I am wondering if there are formal definition that will help distinguish between univariate, multivariate, cross-sectional, repeated/pooled cross-sectional, panel and longitudinal analysis?
Considering my particular research as an example:
I am doing forecasts with only one predictive variable. In the models that I am building, I am considering a variation of a variety of explanatory variables (from chronological data, to weather data, demand data, productions data, and more) across a variety of time periods (period one is 2019, period two is 2018-2019, period three is 2010-2019). The models will consider from one to all the variables.
From the definitions that I share in the point 2 (bellow), it looks like the table is correct and that Longitudinal is used interchangeably with Panel. Also, Repeated/pooled cross sectional seems like it is in between cross-sectional and panel/longitudinal, am I right?
But how would you categorize the research that I am doing? Does it fit Longitudinal Analysis?
1
In a conversation with a teacher, it seemed that the difference between Univariate, Multivariate and Longitudinal is the following
However, in that case, it is not necessarily considering Cross-Sectional, Repeated/Pooled Cross-Sectional, nor Panel Analysis (it depends on how one defines them).
2
Then, I have done a quick research to find definitions for the terms, and try to validate the table above.
• Univariate: from this Stata's blog entry, we read
Univariate time series data typically arise from the collection of many data points over time from a single source, such as from a person, country, financial instrument, etc.
• Multivariate: from Wikipedia, we read
Multivariate analysis is based on the principles of multivariate statistics, which involves observation and analysis of more than one statistical outcome variable at a time.
• Cross-sectional: from Wikipedia, we read
Cross-sectional data, or a cross section of a study population, in statistics and econometrics is a type of data collected by observing many subjects (such as individuals, firms, countries, or regions) at the one point or period of time.
• Pooled Cross Sectional: From this material we read that it is
Randomly sampled cross sections of individuals at different points in time.
• Longitudinal: The blog entry referenced above also defines Longitudinal as as the following
Longitudinal data typically arise from collecting a few observations over time from many sources, such as a few blood pressure measurements from many people.
We can complement it with this article, where we read
Then longitudinal analysis is the study of collections of variables; in most applications the variables are strongly associated.

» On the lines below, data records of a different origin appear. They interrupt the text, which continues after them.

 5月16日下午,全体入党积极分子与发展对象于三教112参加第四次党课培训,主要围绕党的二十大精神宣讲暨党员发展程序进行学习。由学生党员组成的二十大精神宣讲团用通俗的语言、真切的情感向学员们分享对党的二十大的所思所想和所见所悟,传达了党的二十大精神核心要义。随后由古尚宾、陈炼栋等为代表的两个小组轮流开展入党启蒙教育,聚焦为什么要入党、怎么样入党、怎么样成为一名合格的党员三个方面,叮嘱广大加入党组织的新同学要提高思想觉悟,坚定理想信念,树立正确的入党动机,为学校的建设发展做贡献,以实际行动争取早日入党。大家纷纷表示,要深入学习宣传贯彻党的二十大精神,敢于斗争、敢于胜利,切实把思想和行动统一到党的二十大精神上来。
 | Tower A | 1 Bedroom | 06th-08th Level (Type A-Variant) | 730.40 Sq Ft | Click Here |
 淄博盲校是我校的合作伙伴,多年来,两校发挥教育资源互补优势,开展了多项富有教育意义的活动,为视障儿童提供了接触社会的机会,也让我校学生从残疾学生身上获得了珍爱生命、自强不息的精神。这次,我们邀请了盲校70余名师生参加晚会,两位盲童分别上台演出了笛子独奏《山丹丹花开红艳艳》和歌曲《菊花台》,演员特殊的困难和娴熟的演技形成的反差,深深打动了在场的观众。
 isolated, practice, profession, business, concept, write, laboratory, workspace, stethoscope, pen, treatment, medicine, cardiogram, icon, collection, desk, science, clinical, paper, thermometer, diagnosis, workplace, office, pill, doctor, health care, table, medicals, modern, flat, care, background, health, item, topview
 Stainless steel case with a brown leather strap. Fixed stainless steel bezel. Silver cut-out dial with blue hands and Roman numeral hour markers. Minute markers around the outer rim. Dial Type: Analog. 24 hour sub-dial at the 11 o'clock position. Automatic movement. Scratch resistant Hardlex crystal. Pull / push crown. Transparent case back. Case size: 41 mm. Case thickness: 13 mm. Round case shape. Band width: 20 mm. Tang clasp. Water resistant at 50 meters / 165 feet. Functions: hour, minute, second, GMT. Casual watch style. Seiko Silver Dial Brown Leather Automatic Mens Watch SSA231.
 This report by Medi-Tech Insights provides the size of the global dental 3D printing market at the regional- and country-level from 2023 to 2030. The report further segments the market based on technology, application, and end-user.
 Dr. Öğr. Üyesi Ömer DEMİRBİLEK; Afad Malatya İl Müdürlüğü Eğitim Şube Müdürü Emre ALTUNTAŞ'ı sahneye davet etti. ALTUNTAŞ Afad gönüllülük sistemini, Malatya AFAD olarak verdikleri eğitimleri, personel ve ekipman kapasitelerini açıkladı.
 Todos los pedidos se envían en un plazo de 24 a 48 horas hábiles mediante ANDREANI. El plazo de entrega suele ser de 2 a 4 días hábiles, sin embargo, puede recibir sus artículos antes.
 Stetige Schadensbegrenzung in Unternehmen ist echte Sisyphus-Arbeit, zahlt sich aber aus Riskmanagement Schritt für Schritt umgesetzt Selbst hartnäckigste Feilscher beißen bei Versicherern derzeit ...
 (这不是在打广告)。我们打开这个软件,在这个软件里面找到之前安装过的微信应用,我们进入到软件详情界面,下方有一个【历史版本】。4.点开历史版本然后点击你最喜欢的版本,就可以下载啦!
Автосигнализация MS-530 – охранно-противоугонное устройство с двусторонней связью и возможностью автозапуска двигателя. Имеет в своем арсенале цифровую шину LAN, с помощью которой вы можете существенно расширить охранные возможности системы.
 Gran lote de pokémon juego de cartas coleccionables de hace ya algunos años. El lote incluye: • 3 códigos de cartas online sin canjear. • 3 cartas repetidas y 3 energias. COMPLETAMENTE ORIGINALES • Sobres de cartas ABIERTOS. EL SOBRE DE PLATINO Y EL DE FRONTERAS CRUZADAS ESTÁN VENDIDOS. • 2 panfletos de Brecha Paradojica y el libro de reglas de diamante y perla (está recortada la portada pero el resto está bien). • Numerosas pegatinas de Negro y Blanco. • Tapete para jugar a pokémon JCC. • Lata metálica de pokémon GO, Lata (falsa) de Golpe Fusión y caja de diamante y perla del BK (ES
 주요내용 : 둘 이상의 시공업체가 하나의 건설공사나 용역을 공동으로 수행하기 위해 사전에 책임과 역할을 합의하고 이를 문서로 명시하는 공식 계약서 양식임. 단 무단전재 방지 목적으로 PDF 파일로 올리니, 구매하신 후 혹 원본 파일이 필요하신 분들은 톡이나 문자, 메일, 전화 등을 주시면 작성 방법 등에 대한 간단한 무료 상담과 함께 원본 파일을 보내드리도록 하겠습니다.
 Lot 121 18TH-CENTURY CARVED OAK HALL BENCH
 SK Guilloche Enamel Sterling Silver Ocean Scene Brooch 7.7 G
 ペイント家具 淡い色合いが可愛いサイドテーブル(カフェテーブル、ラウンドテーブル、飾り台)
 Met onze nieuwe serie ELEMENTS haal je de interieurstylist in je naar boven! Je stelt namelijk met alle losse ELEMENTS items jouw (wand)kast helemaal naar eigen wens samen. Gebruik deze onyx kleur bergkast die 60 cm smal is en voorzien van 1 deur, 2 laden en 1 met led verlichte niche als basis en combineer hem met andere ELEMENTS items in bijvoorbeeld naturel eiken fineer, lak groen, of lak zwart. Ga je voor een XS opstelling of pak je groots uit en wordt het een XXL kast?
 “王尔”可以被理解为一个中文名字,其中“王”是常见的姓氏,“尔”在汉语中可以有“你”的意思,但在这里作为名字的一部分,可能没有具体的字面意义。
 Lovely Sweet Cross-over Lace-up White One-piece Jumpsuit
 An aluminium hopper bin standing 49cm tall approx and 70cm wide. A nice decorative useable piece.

We can associate each time point with a separate variable, in the spirit of the original definition of the term variable.
• Panel: From this article it looks like Panel Analysis is the same as Longitudinal Analysis
Longitudinal or panel data analysis refers to the statistical analysis of pooled data which consists of a cross‐section of units (e.g., countries, firms, households, individuals) for which there exist repeated observations over time.
This Wikipedia page goes within the same line
In statistics and econometrics, panel data and longitudinal data1 are both multi-dimensional data involving measurements over time.
And this Quora answer as well
longitudinal or panel data, observations of multiple phenomena over multiple time periods for the same data units; involves repeated observations of the same variables (e.g., people) over periods of time; can prove cause and effect, but time-consuming and expensive
Note
I went through a variety of Q&A across the StackExchange (will share some bellow) and apart from finding only old content, but I didn't find formal definitions not even the comparison of all of the terms in one. This question may serve as canonical.